• What this task involves:
Whichever lines of the material contain "Smorgoniach", copy each of them.

--- Provided entries ---

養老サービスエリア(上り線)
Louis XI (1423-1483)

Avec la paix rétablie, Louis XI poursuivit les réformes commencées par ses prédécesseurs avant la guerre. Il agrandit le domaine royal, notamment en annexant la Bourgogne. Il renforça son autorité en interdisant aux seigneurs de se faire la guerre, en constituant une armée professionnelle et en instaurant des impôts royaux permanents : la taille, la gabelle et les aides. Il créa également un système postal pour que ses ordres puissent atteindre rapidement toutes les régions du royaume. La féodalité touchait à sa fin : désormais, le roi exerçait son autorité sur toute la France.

---
--- Provided entries ---

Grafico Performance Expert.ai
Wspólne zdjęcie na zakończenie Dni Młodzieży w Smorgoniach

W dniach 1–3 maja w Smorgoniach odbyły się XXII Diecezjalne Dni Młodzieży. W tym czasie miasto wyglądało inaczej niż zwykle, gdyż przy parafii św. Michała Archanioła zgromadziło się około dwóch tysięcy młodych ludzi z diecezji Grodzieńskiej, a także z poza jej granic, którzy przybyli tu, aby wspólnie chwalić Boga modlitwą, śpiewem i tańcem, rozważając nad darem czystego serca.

---
--- Provided entries ---

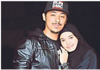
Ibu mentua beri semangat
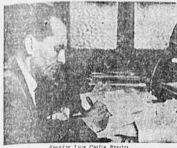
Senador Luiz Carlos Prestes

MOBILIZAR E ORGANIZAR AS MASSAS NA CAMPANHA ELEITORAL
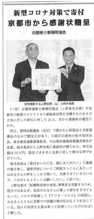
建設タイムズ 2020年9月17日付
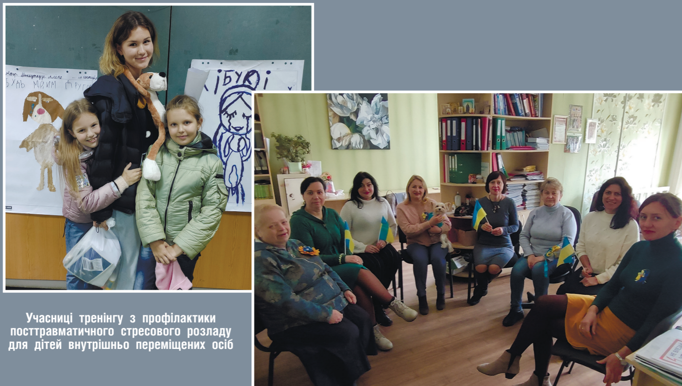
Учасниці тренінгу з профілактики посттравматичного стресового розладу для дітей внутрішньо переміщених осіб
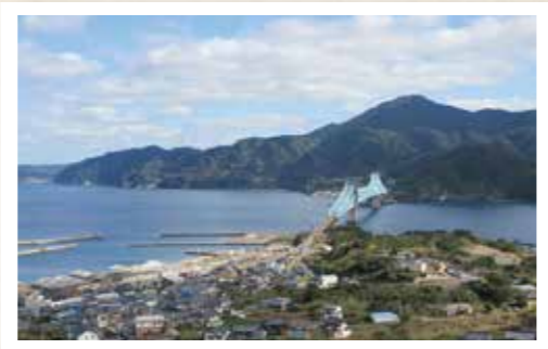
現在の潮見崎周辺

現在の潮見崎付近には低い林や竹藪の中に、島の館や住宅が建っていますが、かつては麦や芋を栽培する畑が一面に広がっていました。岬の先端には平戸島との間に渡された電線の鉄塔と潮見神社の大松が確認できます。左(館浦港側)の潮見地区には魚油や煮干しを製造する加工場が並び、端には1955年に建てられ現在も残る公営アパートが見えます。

---

• Result below:
Wspólne zdjęcie na zakończenie Dni Młodzieży w Smorgoniach
W dniach 1–3 maja w Smorgoniach odbyły się XXII Diecezjalne Dni Młodzieży. W tym czasie miasto wyglądało inaczej niż zwykle, gdyż przy parafii św. Michała Archanioła zgromadziło się około dwóch tysięcy młodych ludzi z diecezji Grodzieńskiej, a także z poza jej granic, którzy przybyli tu, aby wspólnie chwalić Boga modlitwą, śpiewem i tańcem, rozważając nad darem czystego serca.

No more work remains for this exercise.